■ WHAT IS NEEDED
Pictures are to be left out, and only the lines below starting at the one with "Состав крупноабразивный полировальный" and ending at the one with "Podobne rady jak" are to be reproduced, each exactly, both ends included.

■ RECORDS FOR THE TASK
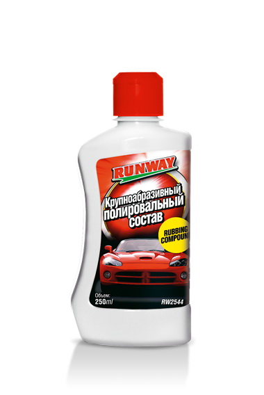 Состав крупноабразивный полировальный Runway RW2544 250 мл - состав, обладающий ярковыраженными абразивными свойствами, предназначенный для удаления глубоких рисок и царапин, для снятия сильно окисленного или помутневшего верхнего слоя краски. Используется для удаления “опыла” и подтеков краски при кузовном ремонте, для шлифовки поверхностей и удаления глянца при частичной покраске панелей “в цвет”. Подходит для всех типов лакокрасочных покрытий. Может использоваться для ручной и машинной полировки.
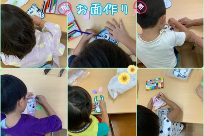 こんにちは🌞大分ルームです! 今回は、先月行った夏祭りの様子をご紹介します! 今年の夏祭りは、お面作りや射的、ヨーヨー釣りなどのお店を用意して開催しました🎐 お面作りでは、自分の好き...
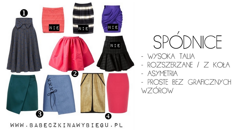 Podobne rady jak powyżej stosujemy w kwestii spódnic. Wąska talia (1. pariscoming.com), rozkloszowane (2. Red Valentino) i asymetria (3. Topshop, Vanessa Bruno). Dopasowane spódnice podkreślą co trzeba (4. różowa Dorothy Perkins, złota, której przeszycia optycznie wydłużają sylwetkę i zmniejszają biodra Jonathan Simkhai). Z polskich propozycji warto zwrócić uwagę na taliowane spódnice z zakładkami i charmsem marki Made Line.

---

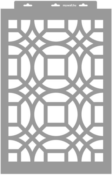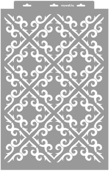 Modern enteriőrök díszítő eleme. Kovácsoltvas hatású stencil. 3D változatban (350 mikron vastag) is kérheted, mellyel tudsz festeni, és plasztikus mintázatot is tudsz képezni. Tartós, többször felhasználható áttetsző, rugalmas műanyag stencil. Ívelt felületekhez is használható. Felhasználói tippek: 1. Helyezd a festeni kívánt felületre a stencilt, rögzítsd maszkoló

==

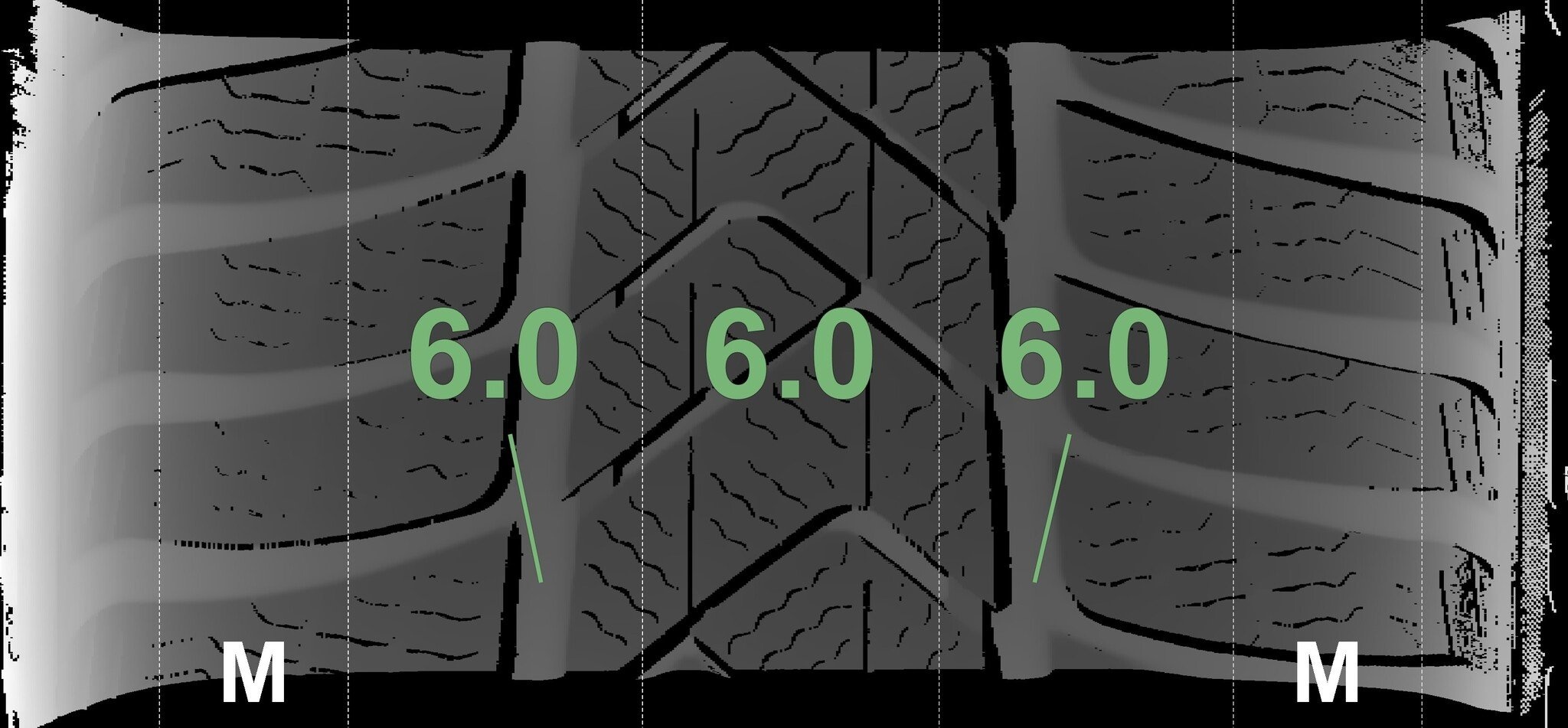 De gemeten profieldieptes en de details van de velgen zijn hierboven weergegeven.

■ OUTPUT FOR THIS TASK
 Состав крупноабразивный полировальный Runway RW2544 250 мл - состав, обладающий ярковыраженными абразивными свойствами, предназначенный для удаления глубоких рисок и царапин, для снятия сильно окисленного или помутневшего верхнего слоя краски. Используется для удаления “опыла” и подтеков краски при кузовном ремонте, для шлифовки поверхностей и удаления глянца при частичной покраске панелей “в цвет”. Подходит для всех типов лакокрасочных покрытий. Может использоваться для ручной и машинной полировки.
 こんにちは🌞大分ルームです! 今回は、先月行った夏祭りの様子をご紹介します! 今年の夏祭りは、お面作りや射的、ヨーヨー釣りなどのお店を用意して開催しました🎐 お面作りでは、自分の好き...
 Podobne rady jak powyżej stosujemy w kwestii spódnic. Wąska talia (1. pariscoming.com), rozkloszowane (2. Red Valentino) i asymetria (3. Topshop, Vanessa Bruno). Dopasowane spódnice podkreślą co trzeba (4. różowa Dorothy Perkins, złota, której przeszycia optycznie wydłużają sylwetkę i zmniejszają biodra Jonathan Simkhai). Z polskich propozycji warto zwrócić uwagę na taliowane spódnice z zakładkami i charmsem marki Made Line.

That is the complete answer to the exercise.